======== EXERCISE DATA

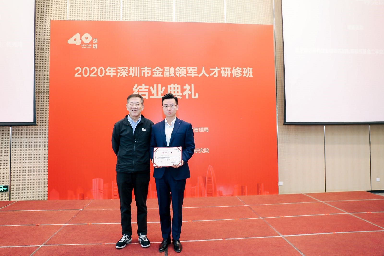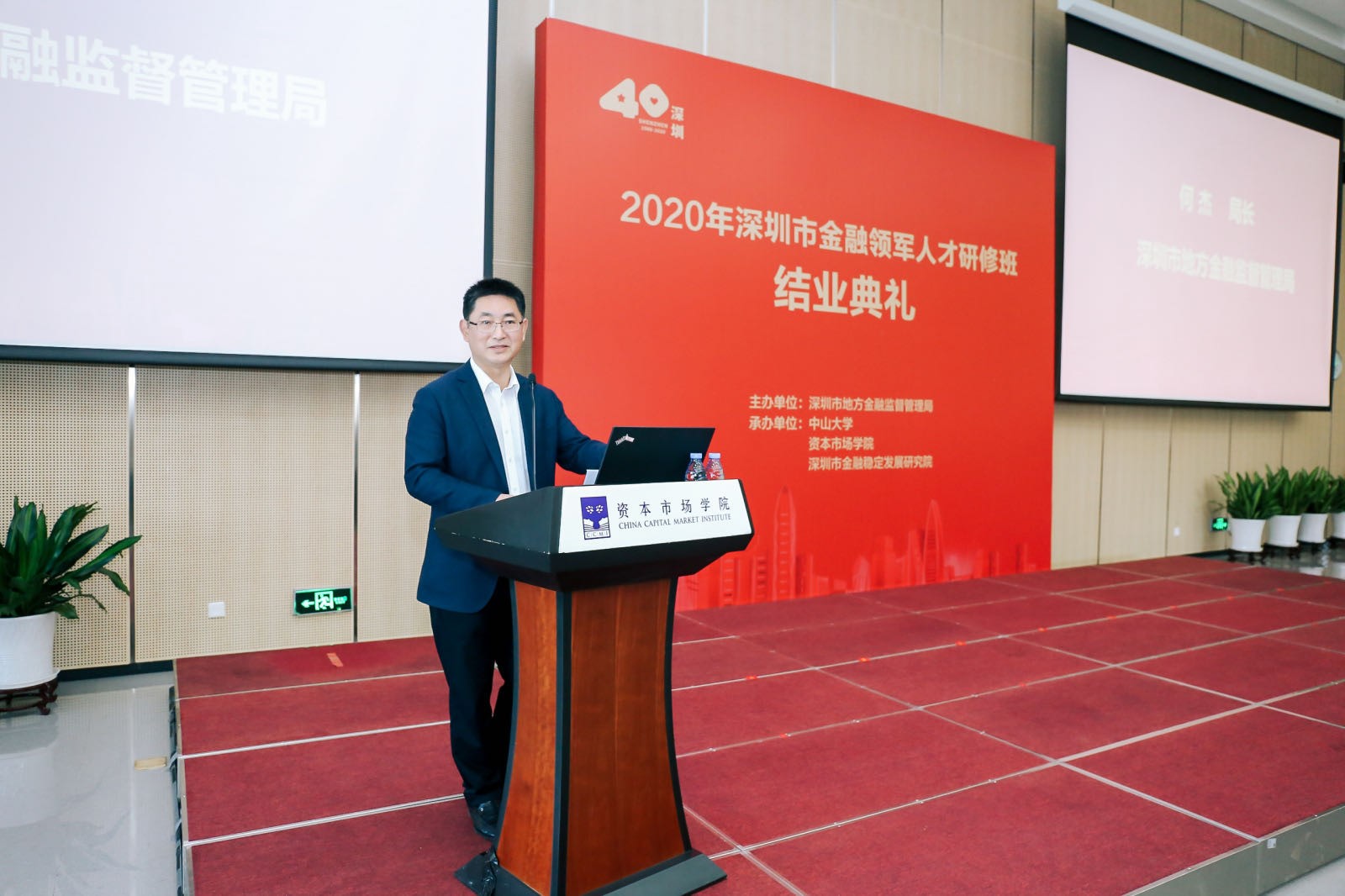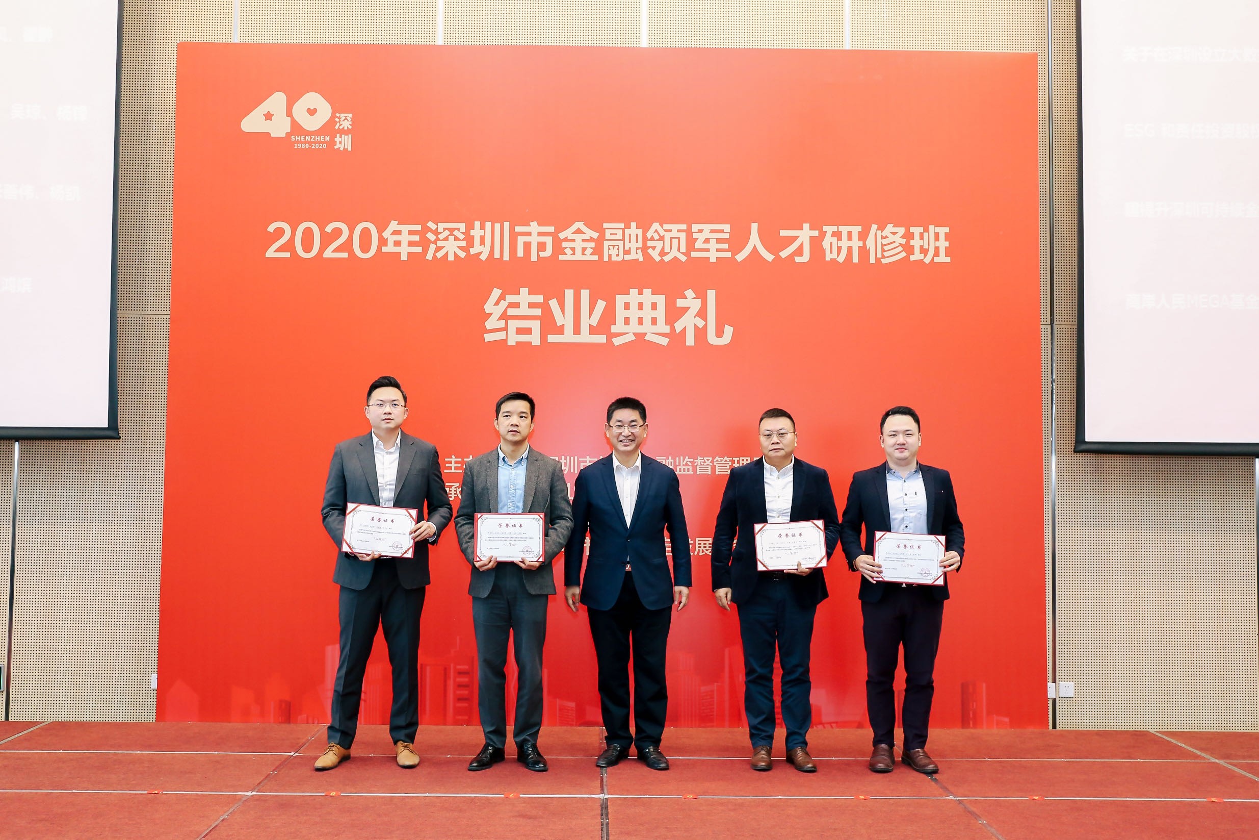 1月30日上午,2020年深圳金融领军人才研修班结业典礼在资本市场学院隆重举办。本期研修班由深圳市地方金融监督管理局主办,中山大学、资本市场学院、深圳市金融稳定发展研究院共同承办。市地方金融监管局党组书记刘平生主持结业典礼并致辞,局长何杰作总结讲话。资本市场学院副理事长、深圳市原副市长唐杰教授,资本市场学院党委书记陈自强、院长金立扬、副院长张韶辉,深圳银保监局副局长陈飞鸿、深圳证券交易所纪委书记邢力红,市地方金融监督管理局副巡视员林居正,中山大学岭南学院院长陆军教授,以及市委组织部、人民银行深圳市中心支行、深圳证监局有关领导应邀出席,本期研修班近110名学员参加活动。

================
======== EXERCISE DATA

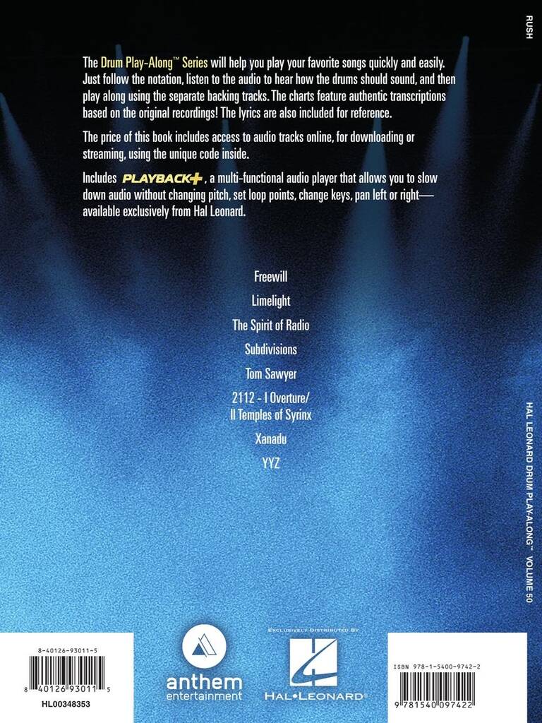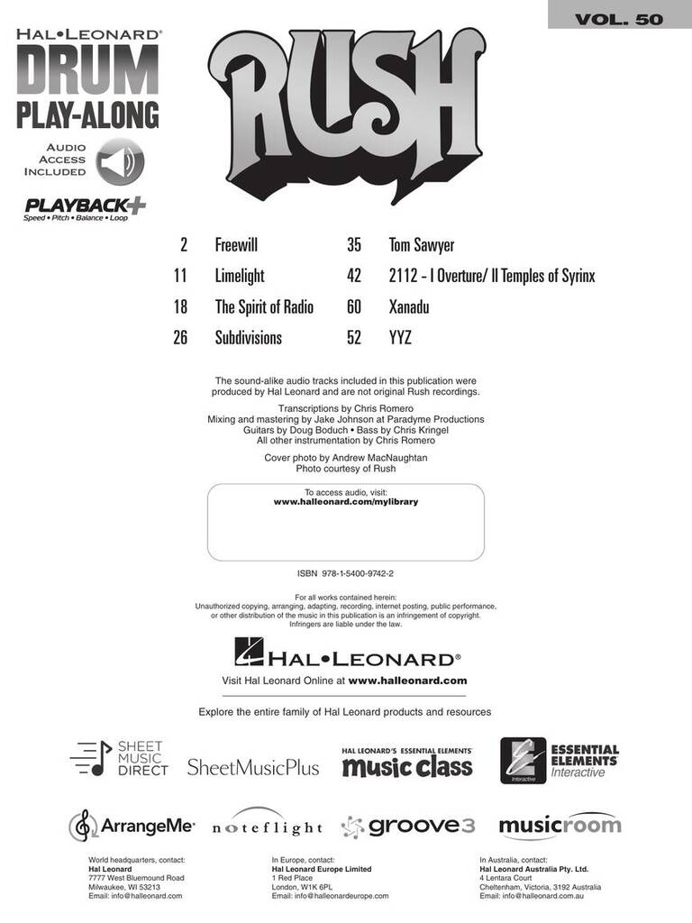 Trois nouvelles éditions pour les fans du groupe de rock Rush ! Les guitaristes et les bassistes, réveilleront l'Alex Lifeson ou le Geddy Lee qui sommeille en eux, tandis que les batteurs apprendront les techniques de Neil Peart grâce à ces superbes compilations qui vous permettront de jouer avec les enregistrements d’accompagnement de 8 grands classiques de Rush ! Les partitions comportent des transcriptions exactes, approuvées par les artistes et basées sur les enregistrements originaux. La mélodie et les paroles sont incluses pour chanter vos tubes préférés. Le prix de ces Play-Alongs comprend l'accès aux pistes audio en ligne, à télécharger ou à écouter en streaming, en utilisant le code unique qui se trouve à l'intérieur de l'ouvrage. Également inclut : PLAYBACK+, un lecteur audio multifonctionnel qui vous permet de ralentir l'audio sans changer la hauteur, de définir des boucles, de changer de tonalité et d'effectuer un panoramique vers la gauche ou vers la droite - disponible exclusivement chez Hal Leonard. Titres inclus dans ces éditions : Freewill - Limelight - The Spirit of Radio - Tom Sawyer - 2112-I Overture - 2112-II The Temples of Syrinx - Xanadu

================
======== EXERCISE DATA

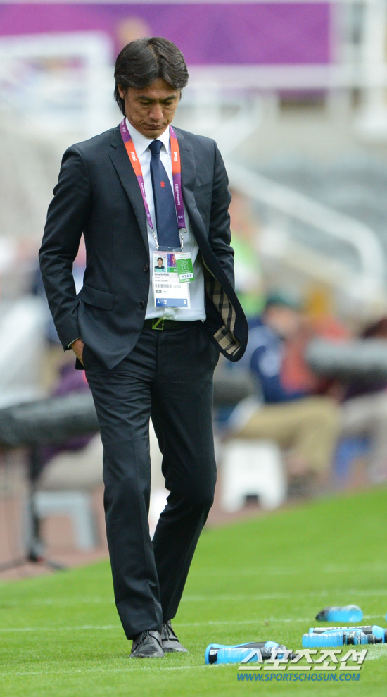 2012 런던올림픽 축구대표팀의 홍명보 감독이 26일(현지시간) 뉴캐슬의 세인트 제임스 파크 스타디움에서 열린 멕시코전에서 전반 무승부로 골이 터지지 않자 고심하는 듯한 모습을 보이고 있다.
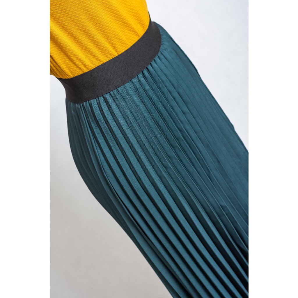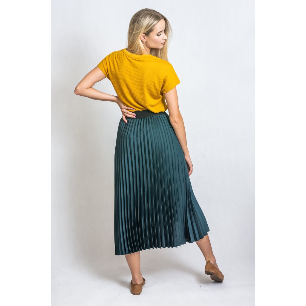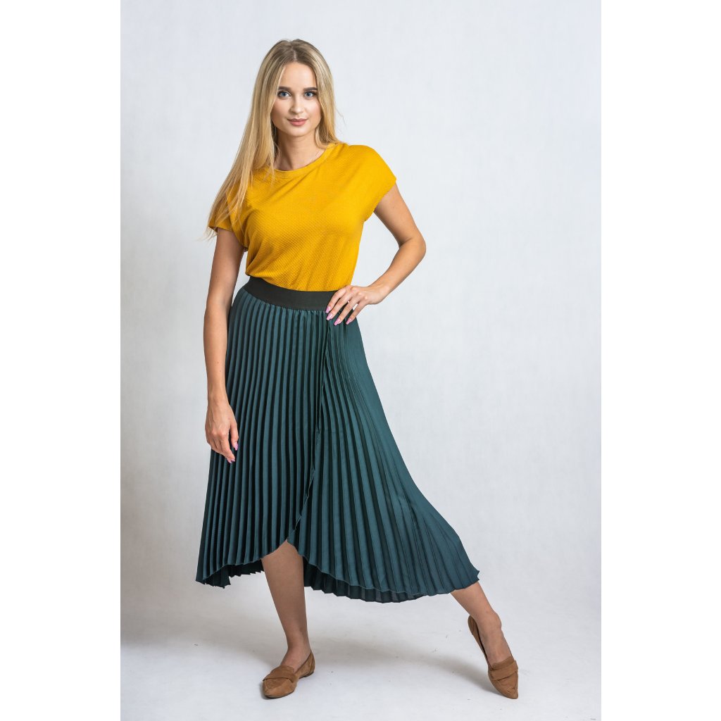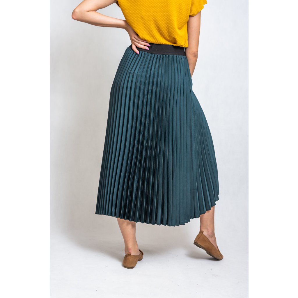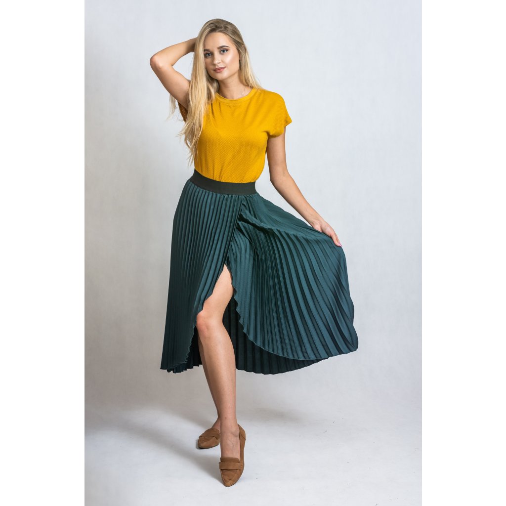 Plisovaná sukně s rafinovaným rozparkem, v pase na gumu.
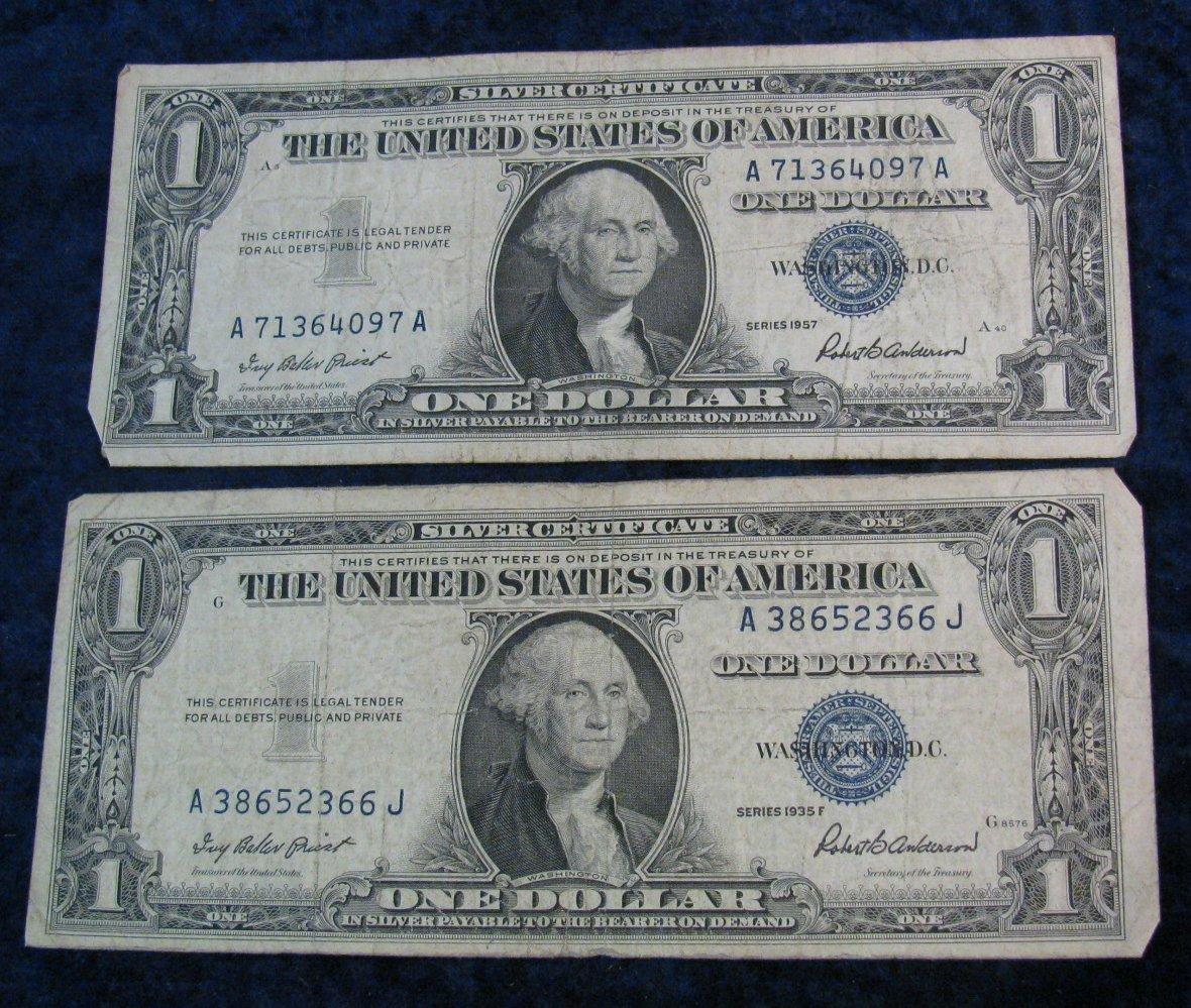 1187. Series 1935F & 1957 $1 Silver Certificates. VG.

================

WORK INSTRUCTIONS:
From the records above, copy only the lines running from the line containing "2012 런던올림픽 축구대표팀의" to the line containing "1187. Series 1935F", both ends included. Leave the pictures out.

REPLY:
 2012 런던올림픽 축구대표팀의 홍명보 감독이 26일(현지시간) 뉴캐슬의 세인트 제임스 파크 스타디움에서 열린 멕시코전에서 전반 무승부로 골이 터지지 않자 고심하는 듯한 모습을 보이고 있다.
 Plisovaná sukně s rafinovaným rozparkem, v pase na gumu.
 1187. Series 1935F & 1957 $1 Silver Certificates. VG.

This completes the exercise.